A balanced diet is about getting the right types of foods and drinks in the right amounts.

Fruit and vegetables are a key part of a healthy diet.

Include plant-based protein foods like beans, lentils, chickpeas and other pulses provide protein and fiber that are naturally low in saturated fat, regularly in your diet.

Choose healthier fats like vegetable, nut, seed or olive oils and try not to have too much of sources of saturated fat such as butter, coconut or palm oils..

Animal protein foods like fish, eggs, meat and dairy provide a range of vitamins and minerals and can be part of a healthy diet but try not to eat too much red and processed meat.

Portion Size matters.


Protein is an essential macronutrient, but not all protein food sources are created equal.

Protein helps the body grow and repair itself.
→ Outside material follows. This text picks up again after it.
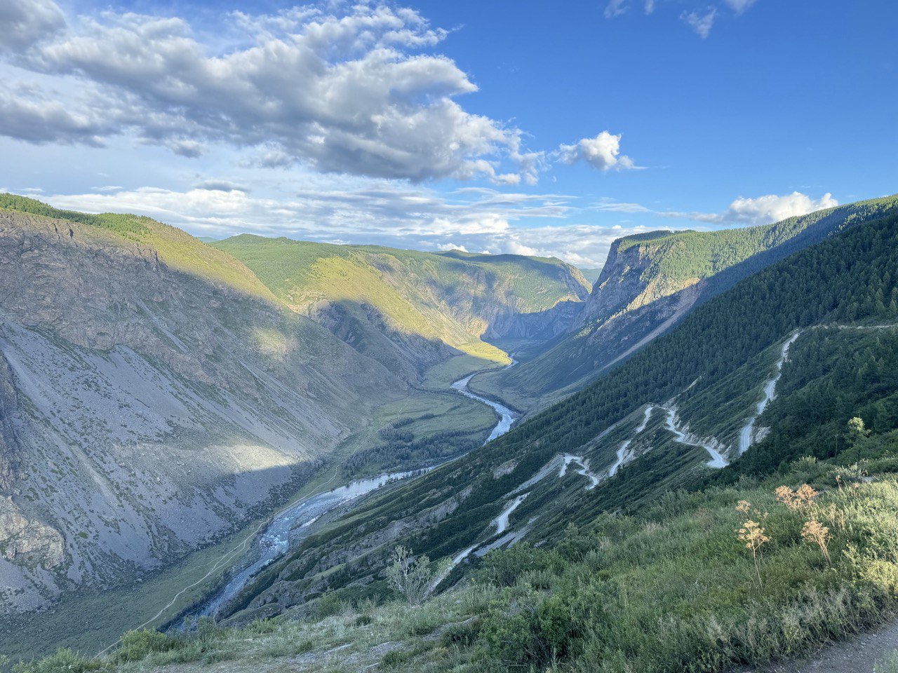 Во второй день нашего путешествия мы поедем в один из самых зрелищных уголков Алтая - Чулышманскую долину с кульминацией у водопада Куркуре. Экскурсия сочетает автомобильную часть (спуск с перевала Кату-Ярык) и пешую прогулку к водопаду (3 км. в одну сторону по прямой тропе). По дороге увидим Красные ворота - скалы красно-рыжеватого оттенка в месте встречи двух хребтов Курайского и Айгулакского, многочисленные озера, в том числе озеро Кеделю. Далее сделаем остановку на перевале Кату-Ярык (1200 с. над уровне моря). Смотровая площадка на вершине открывает панораму каньона: отвесные скалы, извилистая река Чулышман и горные хребты. В долину Чулышмана спустимся по серпантинной дороге с 9 поворотами и уклоном 35о.

Protein is found into two groups: animal protein sources such as meat, dairy, fish and eggs and plant protein sources such as beans, lentils, nuts and seeds.

It is recommend we eat more legumes like beans, lentils, chickpeas that are naturally low in fat and high in fiber.

Studies show that vegans and vegetarians typically do get enough protein from their diet

The recommended amount of protein for adult women is 45g per day.

It is better to get protein from a variety of foods rather than from protein supplements.


Fats are an important part of a healthy, balanced diet and are the richest source of calories in our diets. They provide essential fatty acids and carry the fat-soluble vitamins A, D, E and K.

Fat provide more calories (9kcal per gram)than carbohydrate and protein (both 4kcal per gram).

Fats can be divided into saturated and unsaturated type and foods usually contain a mixture of both.

Foods high in saturated fats include fatty cuts of meat, full fat dairy products including cheese and cream, butter, coconut and palm oil, cakes, biscuits, pastries and chocolate.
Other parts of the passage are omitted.